Толстой не был святым, но очень старался им стать, и критерии, которые он применял к литературе, были не от мира сего. Важно понять, что разница между обычным человеком и святым – не количественная, а качественная. Иначе говоря, одного нельзя рассматривать как несовершенную форму другого. Святой – во всяком случае, святой в понимании Толстого – не стремится улучшить земную жизнь: он стремится покончить с ней и заменить ее чем-то другим. Очевидное свидетельство этого – его утверждение, что безбрачие «выше» брака. Если бы только мы перестали размножаться, сражаться, бороться и радоваться, фактически говорит Толстой, если бы смогли избавиться не просто от наших грехов, но и от всего, что привязывает нас к этой земле, включая любовь в обычном смысле, – когда одного человека любят больше, чем другого, – тогда бы весь этот мучительный процесс закончился, и наступило бы Царствие Небесное. Но нормальный человек не хочет Царствия Небесного, он хочет, чтобы продолжалась жизнь на земле. Не потому только, что он «слаб», «грешен» и жаждет «земных удовольствий». Большинство людей свою долю удовольствий в жизни получают, но в итоге жизньстрадание, и только очень молодые или очень глупые думают иначе. И, в конечном счете, корыстна и гедонистична как раз христианская позиция, поскольку цель всегдауйти от мучительной борьбы в земной жизни и обрести вечный покой на небесах или в какой-нибудь нирване. Гуманистическая позиция состоит в том, что борьба должна продолжаться и за жизнь платят смертью. «Меn must endure / Their going hence, even as their coming hither: / Ripeness is all».[30]
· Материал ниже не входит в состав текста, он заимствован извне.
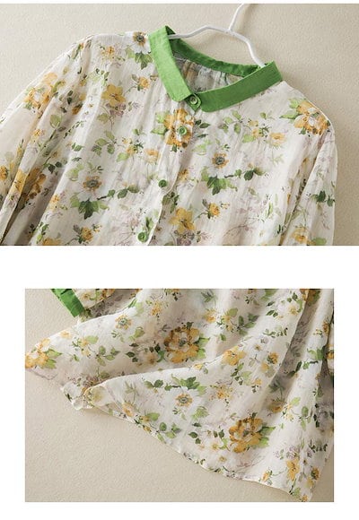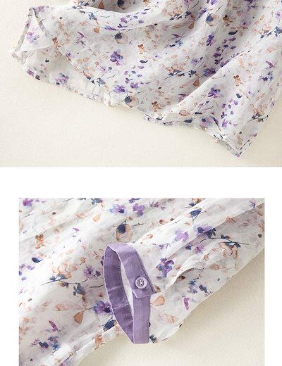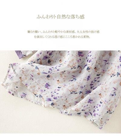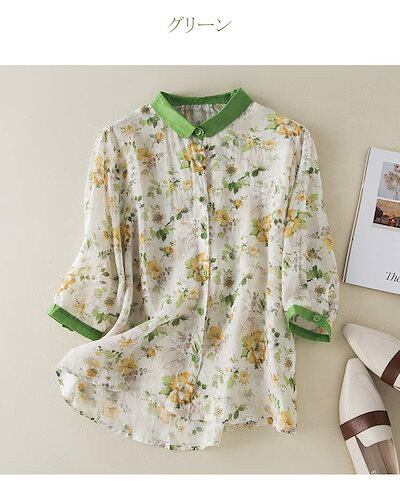 ブラウス 七分袖 レディース 可愛い シャツブラウス 花柄 折り襟 ボタン プルオーバー 綿麻風 大きいサイズ 夏ブラウス 総柄 薄手 透け感 ギャザー 半袖ブラウス トップス ゆったり ふんわり オ

Это не христианское мироощущение. Между гуманистом и верующим часто бывает кажущееся перемирие, но в действительности их позиции непримиримы: надо выбирать между здешним миром и иным. И громадное большинство людей, если бы понимали дилемму, выбрали бы этот мир. Они и выбирают, коль скоро продолжают работать, размножаться и умирать вместо того, чтобы подавлять свои способности в надежде получить лицензию на существование еще где-то.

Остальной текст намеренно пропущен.